Времена, конечно, меняются, но меняются лишь в том смысле, что идеологических мавров теперь уже не уничтожают после того, как они выходят в тираж. Поэтому я убежден, нынешние дезинформаторы от культуры почиют в конце концов в полном благополучии, оплаканные властью и близкими родственниками, передав свои сомнительные функции следующему поколению идеологических ловкачей. Но, к сожалению, нам от этого не легче»[281].
Виктор Некрасов также поднимает в своих выступлениях темы взаимоотношения писателя и государственной власти, потребности человека в свободе творчества. Так же как и в эмигрантской прозе, в выступлениях Некрасова много риторических вопросов. Жанр выступлений был обусловлен особенностями мировосприятия Некрасова – «стремлением воссоздать непосредственную искреннюю реакцию на событие и доверительным отношением к читателю»[282], слушателю. Отвечая тем, кто обвинял его в «лживой клевете», Некрасов говорил: «Значит, есть и правдивая? Грубая? Значит, есть и нежная?.. Но шутки шутками, а если говорить серьезно, долг каждого честного человека, оказавшегося в условиях, в которых оказался я, пользоваться каждым подвернувшимся случаем, чтоб говорить и доносить правду до тех, кто лишен возможности знать ее…»[283]. Такой возможностью стали для писателя выступления на РС.

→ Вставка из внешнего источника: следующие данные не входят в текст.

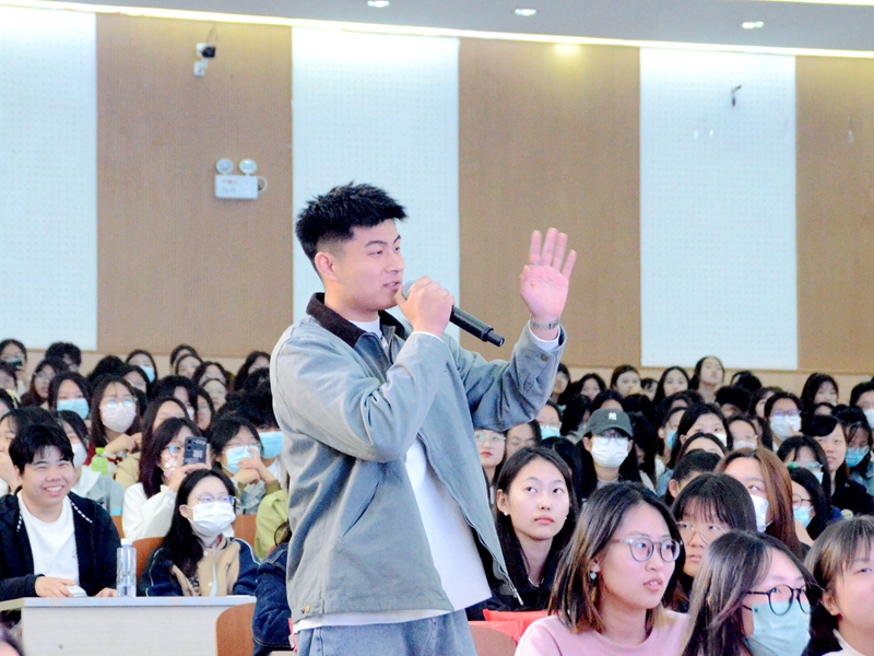 围绕“我喜欢的一首英文歌”这一主题,英语专业白蕊、法学专业张子藤、商务英语专业史泽浩分别分享他们喜爱的《love story》《let it go》《Something just like this》三首歌曲,并讲述了自己的音乐故事。张子藤分享,是《let it go》这首歌中的勇敢与突破精神鼓舞着自己勇敢前行,无惧风雨。

Старейший сотрудник РС Джин Сосин вспоминает, что однажды Довлатов сказал о себе: «Оказавшись в эмиграции, я создал для себя собственный жанр. Поскольку я не знал американской жизни, американской прессы, не интересовался американским искусством, мне пришлось заняться мемуарами»[284]. В «Филиале» Сергей Довлатов сатирично описывает работу на РС, называя радиостанцию «Третьей волной»: «Наша тема – Россия и ее будущее. С прошлым все ясно. С настоящим – тем более… А вот насчет будущего есть разные мнения… На радио среди штатных сотрудников имеются дворяне, евреи, бывшие власовцы. Есть шестеро невозвращенцев – моряков и туристов… Попадаются на радио довольно замечательные личности. Есть внучатый племянник Керенского с неожиданной фамилией Бухман. Есть отдаленный потомок государя императора – Владимир Константинович Татищев. Как-то у нас была пьянка в честь дочери Сталина Аллилуевой…»[285].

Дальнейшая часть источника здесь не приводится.